+++ ENTRIES PROVIDED +++
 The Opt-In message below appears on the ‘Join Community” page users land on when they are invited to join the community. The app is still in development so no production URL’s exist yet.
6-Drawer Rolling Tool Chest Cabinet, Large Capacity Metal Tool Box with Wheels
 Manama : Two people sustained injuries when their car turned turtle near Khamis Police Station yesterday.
+++
+++ ENTRIES PROVIDED +++
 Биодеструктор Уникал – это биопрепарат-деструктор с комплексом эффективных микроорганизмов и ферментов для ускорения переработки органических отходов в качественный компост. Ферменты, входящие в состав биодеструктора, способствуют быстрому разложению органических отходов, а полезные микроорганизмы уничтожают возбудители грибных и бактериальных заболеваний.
+++
+++ ENTRIES PROVIDED +++
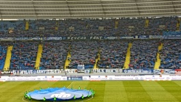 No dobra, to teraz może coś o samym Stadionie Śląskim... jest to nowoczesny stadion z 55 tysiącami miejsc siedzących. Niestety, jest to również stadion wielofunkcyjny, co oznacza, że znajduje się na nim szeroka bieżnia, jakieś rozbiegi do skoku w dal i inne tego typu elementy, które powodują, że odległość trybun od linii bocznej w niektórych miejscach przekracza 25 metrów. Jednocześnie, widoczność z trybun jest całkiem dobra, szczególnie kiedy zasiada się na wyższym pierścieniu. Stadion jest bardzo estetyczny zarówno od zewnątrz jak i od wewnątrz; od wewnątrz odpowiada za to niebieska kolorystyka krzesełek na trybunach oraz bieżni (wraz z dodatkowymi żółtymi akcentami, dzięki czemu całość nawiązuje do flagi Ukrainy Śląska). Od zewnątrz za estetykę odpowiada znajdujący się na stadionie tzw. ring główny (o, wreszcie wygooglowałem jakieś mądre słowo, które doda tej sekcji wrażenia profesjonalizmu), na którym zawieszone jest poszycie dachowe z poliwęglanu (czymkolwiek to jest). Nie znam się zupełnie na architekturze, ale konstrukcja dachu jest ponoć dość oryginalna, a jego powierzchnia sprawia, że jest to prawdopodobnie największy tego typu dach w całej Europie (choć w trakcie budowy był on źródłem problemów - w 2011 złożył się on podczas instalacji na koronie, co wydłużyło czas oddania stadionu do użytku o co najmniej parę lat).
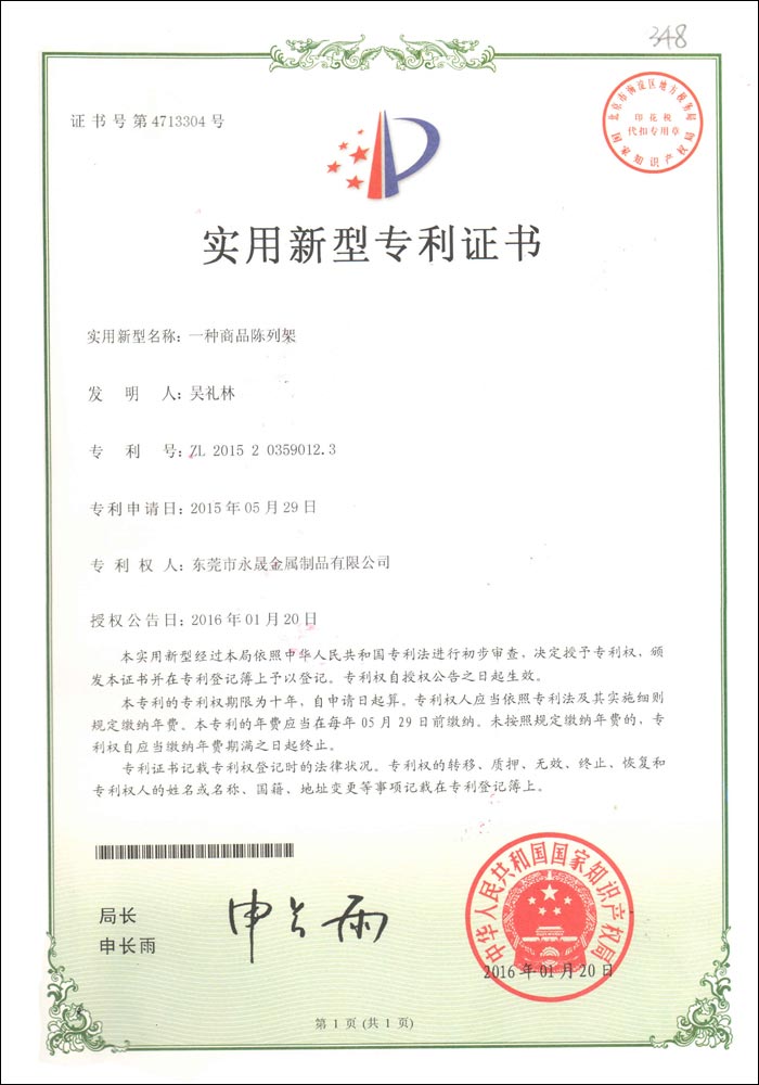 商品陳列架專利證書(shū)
+++
▸ DIRECTIONS FOR THIS TASK:
Beginning at the line with "The Opt-In message" and ending at the line with "Manama : Two", reproduce each line of the data above exactly, and add no other lines.

▸ TASK SOLUTION:
 The Opt-In message below appears on the ‘Join Community” page users land on when they are invited to join the community. The app is still in development so no production URL’s exist yet.
6-Drawer Rolling Tool Chest Cabinet, Large Capacity Metal Tool Box with Wheels
 Manama : Two people sustained injuries when their car turned turtle near Khamis Police Station yesterday.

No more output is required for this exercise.